Колю немедленно исполнил приказание жены. Он кинулся вон, забыв пожелать «спокойной ночи». Но ни Гита, ни Ружа не обратили на это внимания. Как слепой, прошел он через гостиную — забыл в кабинете очки; обидное сравнение с фонарем только усугубляло его растерянность.

Пробираясь в кухню, ударился головой о полураскрытую дверь и, конечно, не погасил свет, за что будет еще отруган. Но на этом испытания его не кончились. В кухне он увидел Яну, которая стояла у двери, готовая каждую минуту уйти.

— Ты что? — приступила она к Колю. — Решил комедии со мной разыгрывать?

— Какие комедии?

— Не увиливай, пожалуйста! Не ожидала я от тебя такого. Хоть бы Ружу предупредил, что у тебя гостья.

— Яна!

— Не оправдывайся передо мной!

— Все это случайно, поверь мне, Яна, — принялся он заклинать, — поверь. Я ни в чем не виноват.

— Известны мне ее штучки…

Она смешалась, покраснела и, уткнувшись в ладони, заплакала. Уговаривая Яну сесть и успокоиться, Колю осторожно взял ее за плечо, но Яна оттолкнула его так сильно, что бедняга едва не упал.

— Не трогай меня! Оставь!

Она выкрикнула это так, будто ее оскорбили.

— Ступай к своей гостье… Ухаживай за ней… Я тут лишняя. Надо мной только издеваться можно…

Она бросилась в переднюю, Колю за ней.

— Ради бога, останься, Яна! Куда ты пойдешь среди ночи? Как я оправдаюсь перед Ружей?

— Меня это не интересует! Посторонись! Дай мне ключ!

— Не дам.

— Нет, дашь!

Началось препирательство из-за ключа. Повторяя, что не даст ключа, Колю для верности прислонился к двери, опасливо поглядывая, как бы его опять не толкнули, потому что здесь, на мозаичном полу, и голову разбить недолго. Но гнев Яны постепенно утихал; бросив на Колю уничтожающий взгляд, она вернулась в кухню.

— Ты нарочно все подстроил, я знаю, — заявила она, садясь к нему спиной. — Фельетон собрался написать или еще что-нибудь задумал… Для чужой спины и ста палок мало… Воображаешь, что можешь помирить меня с ней? Никогда!

Яна стукнула кулаком по столу.

— Никогда!

Потом умолкла, прислушиваясь. Через полуоткрытую дверь из гостиной долетал веселый смех, потом послышалось: «спокойной ночи, спокойной ночи», хлопнула дверь и раздались быстрые, энергичные шаги. В кухню вошла Ружа. Она словно преобразилась. Утомление и недовольство как рукой сняло. Колю смотрел на нее, окрыленный надеждой, Яна потупилась.

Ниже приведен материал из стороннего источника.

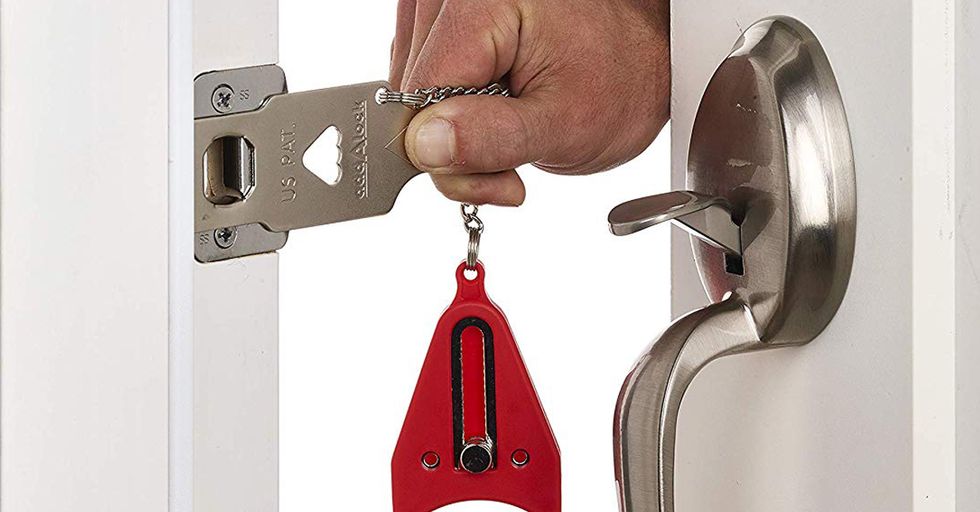 This is such an incredibly smart idea and I kind of can't believe I haven't heard of it before! For anyone who would like a little extra security — whether you're staying in a hotel or an Airbnb, the Addalock is basically a must. It fits most standard doors! All you have to do is insert the metal part into the door's strike box, close the door, and hook the red piece onto the designated spot...OK, I realize it may seem a little complicated to explain, but it can literally be installed in a few seconds. And once it's in, the door can't be opened from the outside until you remove it.Trending

— Такая сумасшедшая, что дальше некуда! — сказала Ружа, положив на стол свою сумочку. Потом подошла к умывальнику и, глядя в зеркало, принялась чистить зубы. Колю и Яна удивленно смотрели на нее. Ружа умылась и начала объяснять, что произошло. Оказывается, Гита до того расчувствовалась, что кинулась ей на шею, осыпая поцелуями и приговаривая: «Какая ты хорошая, какая ты добрая, какая милая!» А когда заметила, что накрасила ей щеки губной помадой, расхохоталась и закричала: «Почему не румянишься, Ружка? Знаешь, как тебе идет? Дай я тебе подкрашу губы, у меня есть несмываемая помада… Следа не оставляет, когда целуешь. Очень удобно!» И все хотела подкрасить, Ружа насилу вырвалась.

— И сумасшедшая и наглая, — вздохнула Ружа и села. — А вы чего уставились друг на друга?

Колю и Яна молчали.

— Давайте-ка спать, светает уже.

Колю поднялся, обрадованный тем, что буря миновала, но Ружа сейчас же его срезала:

— В наказание ты будешь спать в кухне, а мы с Яной займем спальню. Ясно?

— Так и следовало ожидать, — ответил Колю и, помолчав, добавил: — Во всяком случае, я не виноват.

— Знаю все, — нахмурилась Ружа. — Любая женщина может повиснуть у тебя на шее не по твоей вине. В один прекрасный день ты окажешься жертвой собственного безволия — не сумеешь отказать… Ах, перестань!..

Она щелкнула его по носу и, смеясь, показала язык.

— Надень свои очки, не видишь ведь ничего.

Колю засиял от радости — буря действительно миновала. Ружа шутит — значит, все в порядке. Как, в самом деле, он сглупил сегодня!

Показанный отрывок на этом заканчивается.